Below are records; reproduce exactly the lines from the one that has "乾燥せず、しっとり温まるのもうれしい」丸央産業 湿熱アンポ ¥66,000" through the one that has "This is the", ends included, and nothing more.

◆ **Provided records**
══════
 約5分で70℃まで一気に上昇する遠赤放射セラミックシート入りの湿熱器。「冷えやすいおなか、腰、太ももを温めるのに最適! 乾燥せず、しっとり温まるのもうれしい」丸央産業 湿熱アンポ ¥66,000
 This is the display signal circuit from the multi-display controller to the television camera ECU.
══════
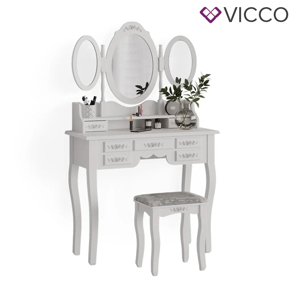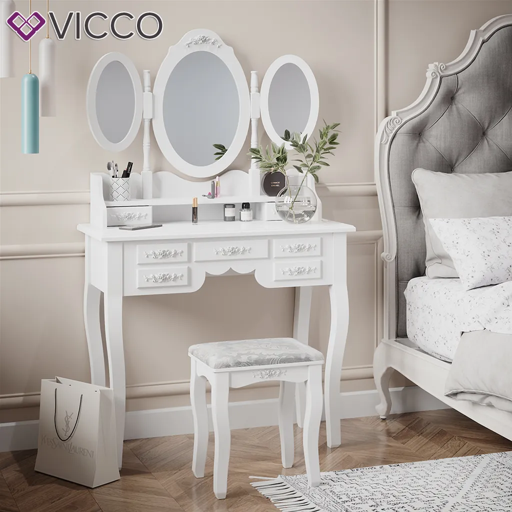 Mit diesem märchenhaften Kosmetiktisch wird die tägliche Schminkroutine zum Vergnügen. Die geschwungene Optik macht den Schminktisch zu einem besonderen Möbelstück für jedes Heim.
══════
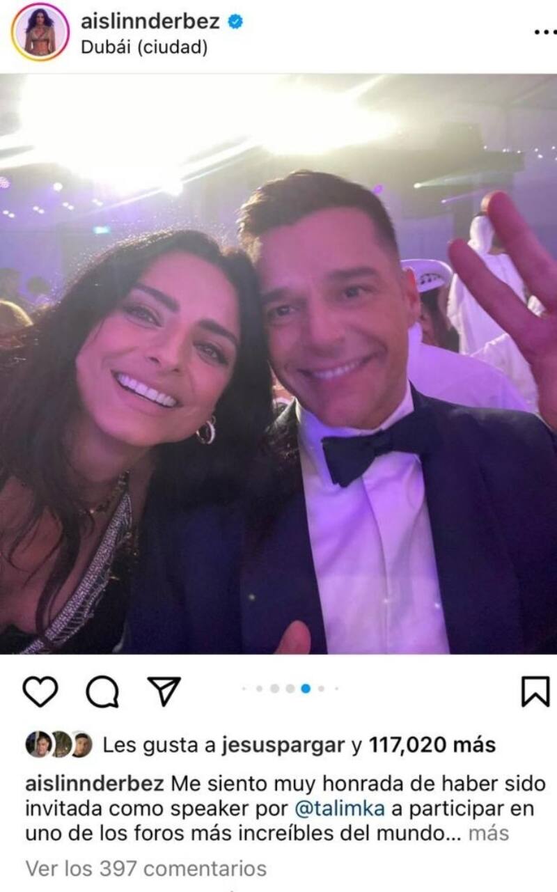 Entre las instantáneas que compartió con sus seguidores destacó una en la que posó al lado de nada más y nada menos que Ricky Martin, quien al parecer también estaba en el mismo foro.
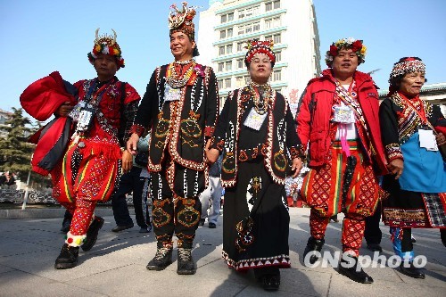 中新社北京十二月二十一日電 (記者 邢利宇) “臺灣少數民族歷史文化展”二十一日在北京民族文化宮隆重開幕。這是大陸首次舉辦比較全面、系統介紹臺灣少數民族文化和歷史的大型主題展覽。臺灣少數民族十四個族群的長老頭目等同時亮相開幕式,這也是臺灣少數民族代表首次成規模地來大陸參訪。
══════
◆ **Your response**
 約5分で70℃まで一気に上昇する遠赤放射セラミックシート入りの湿熱器。「冷えやすいおなか、腰、太ももを温めるのに最適! 乾燥せず、しっとり温まるのもうれしい」丸央産業 湿熱アンポ ¥66,000
 This is the display signal circuit from the multi-display controller to the television camera ECU.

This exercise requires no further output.